In 1934, "with support from relatives," he established "a tiny workshop." Yuri assisted his father and soon learned "to handle the shears skillfully." Sokolova continues: "They were three, Yuri, Mitya (Mavrik Vulfson), and Tolya (Anatoli Kahn). They grew acquainted, not as classmates or neighbors, but as fellow combatants who shared the same opinions." Yuri had become friendly with the head of the "progressive Ettinger Library, where some books were issued only to well-known and trusted readers. Here he stealthily read publications brought in from the Soviet Union," for instance, F. Gladkov's Cement and Bruno Yasensky's novel Man Changes His Skin.
It seems that Yuri never discovered that this same Bruno Yasensky paid with his own skin, with his life, for his fidelity to the ideas of Marx and Engels -- he was murdered by "his own people," the NKVD. Sokolova, of course, does not mention this.
"He wanted to become a surgeon... His elementary school years passed unnoticed," and Yuri entered High School No. 4 in Riga, near the so-called Red Warehouses. When Yuri enrolled at this school in 1932, Sokolova writes, "four cells of the [communist] underground were already active here," and among the Komsomol were many "active and energetic members of the underground."
Thus Yuri did not attach himself to the Zionist-Socialists, or to the anti-Zionist Jewish Social Democratic Bund, but instead joined in the activities of the illegal communist youth organization. Riga's High School No. 4, a Latvian school, had a "long-standing progressive tradition," asserts Sokolova, where "children whose parents represented all nationalities and varying convictions could receive an education." It was indeed a truly progressive school. At that time in Yuri Vater's ideal state, the Soviet Union, schoolchildren suffered heavily if their parents' convictions, not to mention their social origins, did not come up to the stringent requirements of the Party's Central Committee.

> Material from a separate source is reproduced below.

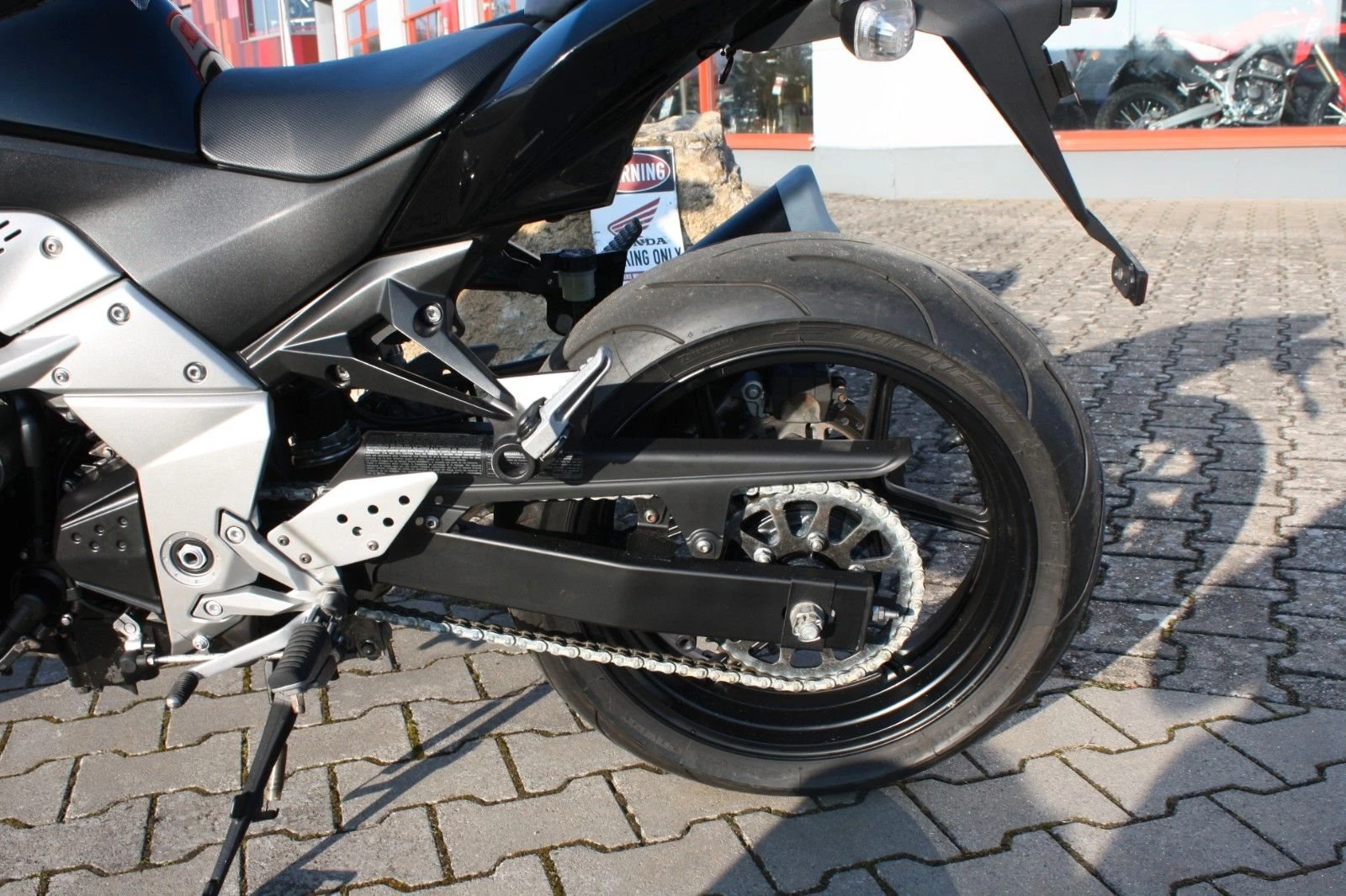 Zur Ausstattung gehören eine etwas höhere Windschutzscheibe sowie ein Paar Sturzpads. Aktuell ist eine Tieferlegung verbaut, die bei Bedarf wieder entfernt werden kann. Das Bike befindet sich mit kleineren, altersüblichen Gebrauchsspuren in gepflegtem Zustand - ein zuverlässiges Naked Bike für Einsteiger und erfahrene Fahrer und Fahrerinnen gleichermaßen.

Since he had always been a top student, Yuri began to receive secret assignments: "It started with the Alanik, a general education organization, where gifted young people met to broaden their intellectual horizons. Taking advantage of the cover provided by the organization's legitimate activities, a Komsomol group flourished -- T. Babchina, T. Zalite, V. Lifschitz, B. Weimann-Manusov, J. Eichmanis, J. Eidus, and others.... The group listened to lectures on various topics.... Here, Yuri first heard of the German philosopher, Spengler, of Remain Rolland, and of political economy. Yuri himself was among the lecturers. He most often, and more than others, lectured on Marxism." In telling others about Marxism, the enthusiastic boy was noted, says Sokolova, for "his critical attitude not only toward the bourgeois regime, but also towards the narrow-mindedness of middle class society."

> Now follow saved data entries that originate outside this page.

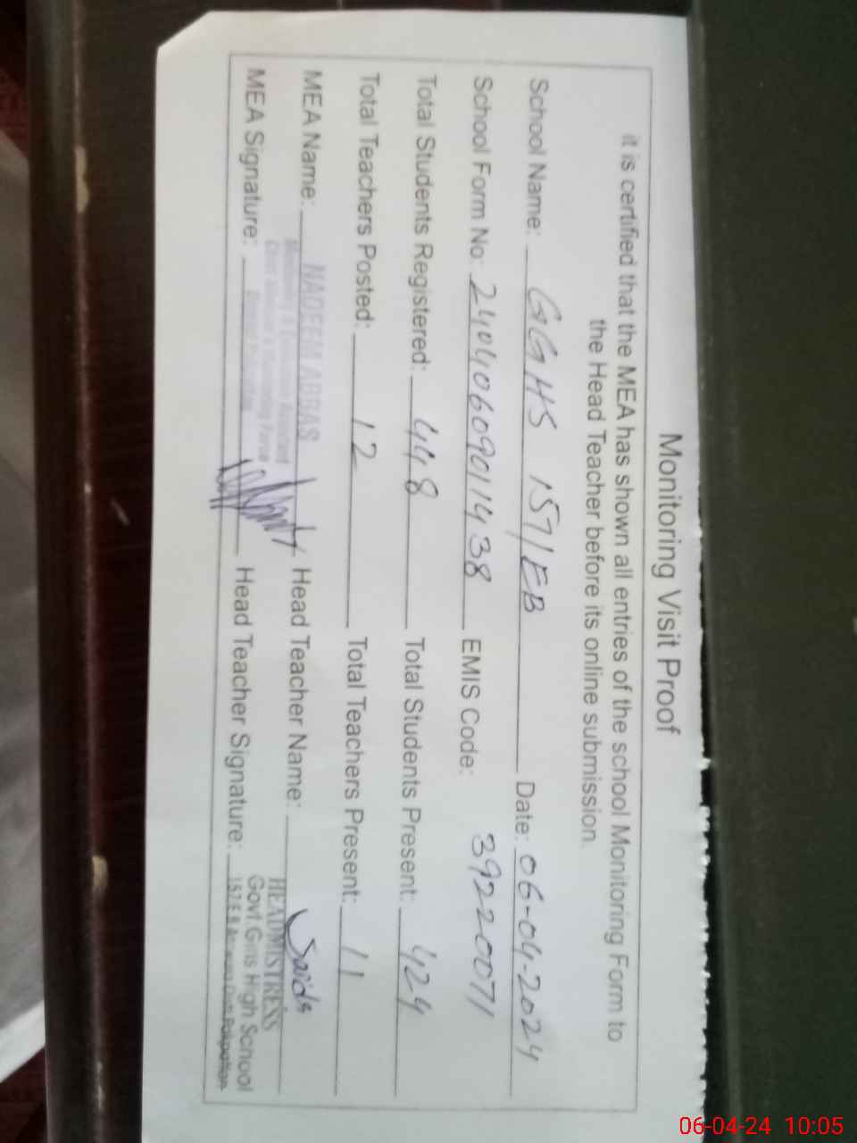 | Attendance Register | Head Teacher | MEA with School | Visit Proof |
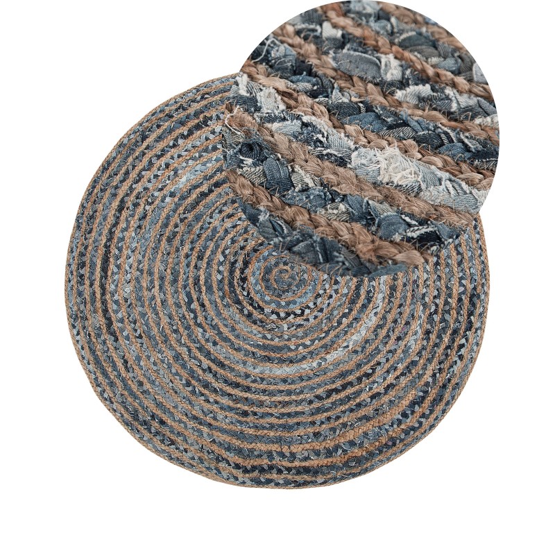 Килим круглий з джуту ø 120 см синьо-бежевий MASLAK
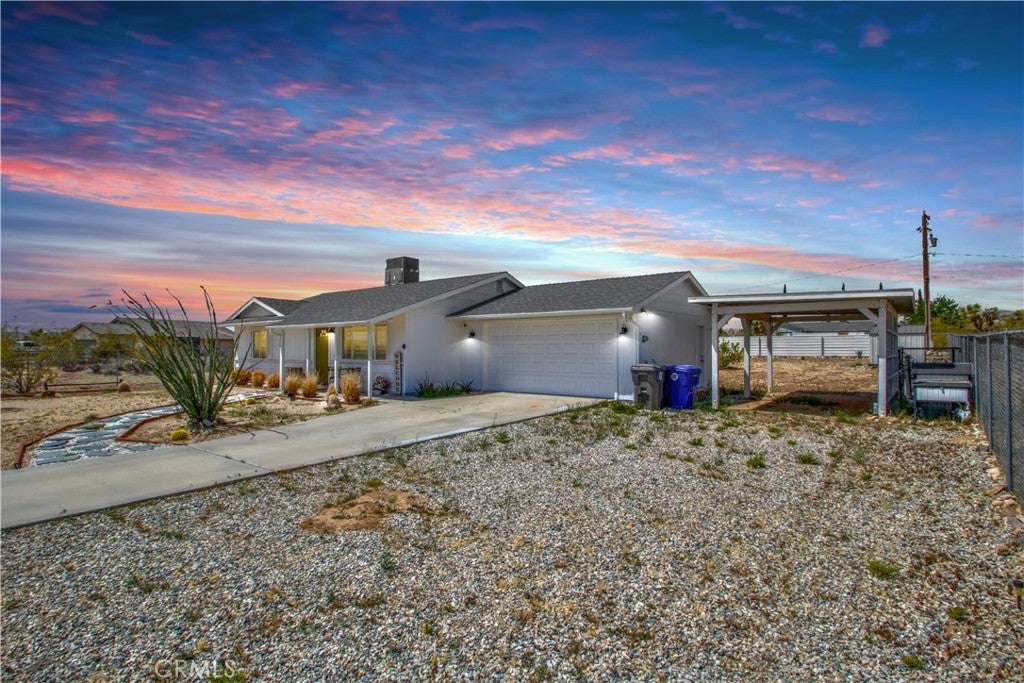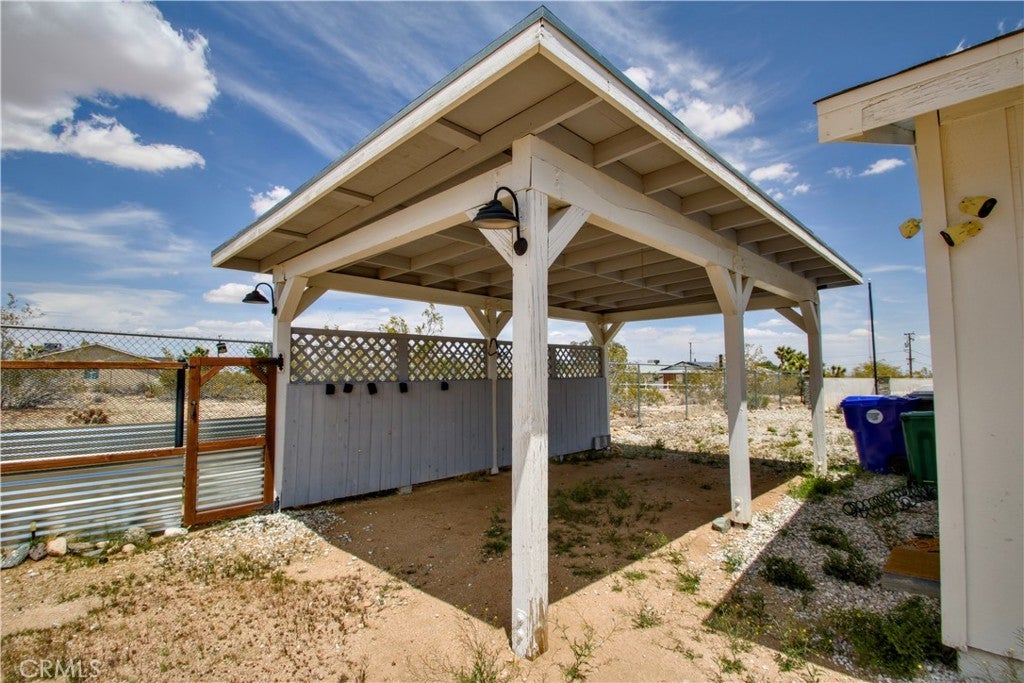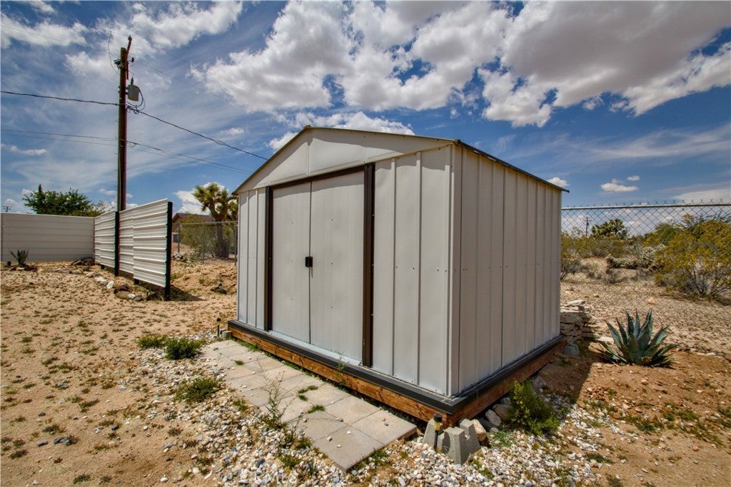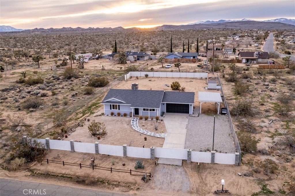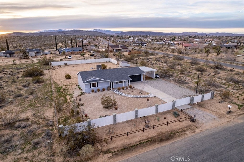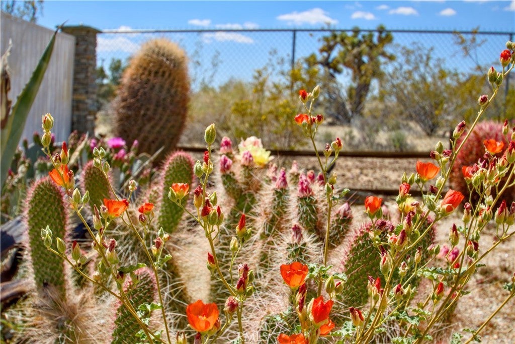 Charming 2-Bedroom Home on Expansive 20,000 Sq. Ft. Lot in Yucca Mesa! Discover this beautifully updated 2-bedroom, 1-bath home situated on a spacious nearly half-acre lot in the sought-after Yucca Mesa area! Boasting 1,008 sq. ft. of living space, this fully fenced property offers both privacy and charm. Step inside to a bright and open living area featuring stylish wood-look tile flooring throughout. The thoughtfully designed open-concept kitchen showcases quartz countertops, sleek cabinetry, a stove, microwave, and ample storage. Both bedrooms are generously sized with large closets, while a sliding glass door leads to a vast backyard, perfect for relaxing or entertaining. The outdoor space is an oasis for enjoyment, complete with a fire pit, horseshoe pit, seating areas, a chicken coop, and a storage shed. The property also includes an attached 2-car garage with direct access plus a carport for additional parking. Recent upgrades include a new septic tank, roof, water heater, and HVAC system (installed in 2020). Whether you're looking for a primary residence, investment property, or vacation home, this gem is a must-see!

After some time, "he was approached by Joseph Eidus, a Komsomol leader who had long had his eye on Yuri," and the boy was formally accepted into the illegal Komsomol, "at the school center of the Riga Committee, in the presence of E. Opincans."

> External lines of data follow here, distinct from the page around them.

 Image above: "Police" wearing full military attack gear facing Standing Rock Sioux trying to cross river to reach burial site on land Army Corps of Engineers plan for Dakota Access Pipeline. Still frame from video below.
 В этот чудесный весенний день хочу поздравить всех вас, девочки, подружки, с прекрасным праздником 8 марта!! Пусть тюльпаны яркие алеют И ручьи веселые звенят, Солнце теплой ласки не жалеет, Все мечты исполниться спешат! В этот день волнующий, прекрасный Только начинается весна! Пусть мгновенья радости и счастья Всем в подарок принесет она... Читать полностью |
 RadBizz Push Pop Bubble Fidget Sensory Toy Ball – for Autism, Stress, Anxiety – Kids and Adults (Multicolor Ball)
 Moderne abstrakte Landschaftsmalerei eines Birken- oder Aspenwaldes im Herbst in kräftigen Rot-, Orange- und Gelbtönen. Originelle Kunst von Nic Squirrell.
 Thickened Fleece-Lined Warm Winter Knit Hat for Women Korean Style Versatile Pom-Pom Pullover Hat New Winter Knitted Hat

"When the Ulmanites closed High School No. 4, Yuri experienced some unpleasant moments. After his earlier freedom, the reactionary atmosphere of High School No. 1 was unbearable," and the youth "decided to transfer to night school -- the Latvian Working Youth High School." (On the diploma reproduced in the book, only the words "Latvian Youth High School" appear, without "Working.")
Even after the coup of May 15, 1934, Yuri carried out his Komsomol duties "without anxiety." For example, he "went to the assistance of his friend Mitya in the Third District." I can add in passing that this Mitya, Mavrik Vulfson, now the world news commentator for Soviet Riga television, was the son of a wealthy man. He had no knowledge of poverty or physical labor during the years of "bourgeois" Latvia, and joined the Komsomol out of sheer romanticism, much like the leftist students of the sixties in Western Europe and North America.
"Here at one point they got carried away with rockets that hoisted flags up into the air, and with exploding boxes that could scatter proclamations for great distances without arousing suspicion. Yuri was involved in mixing the chemical explosives for these."
Yuri also established an illegal print shop in a basement, under what is now the Flora Cafe, next to the glove workshop where his father worked. If we believe Sokolova, Yuri's father "knew full well the secret undertakings of these young people. He debated with his son almost every day, and the youth could discuss in detail the Five-Year Plan in Russia, the economic crisis in the West, and the problems of fascism and democracy."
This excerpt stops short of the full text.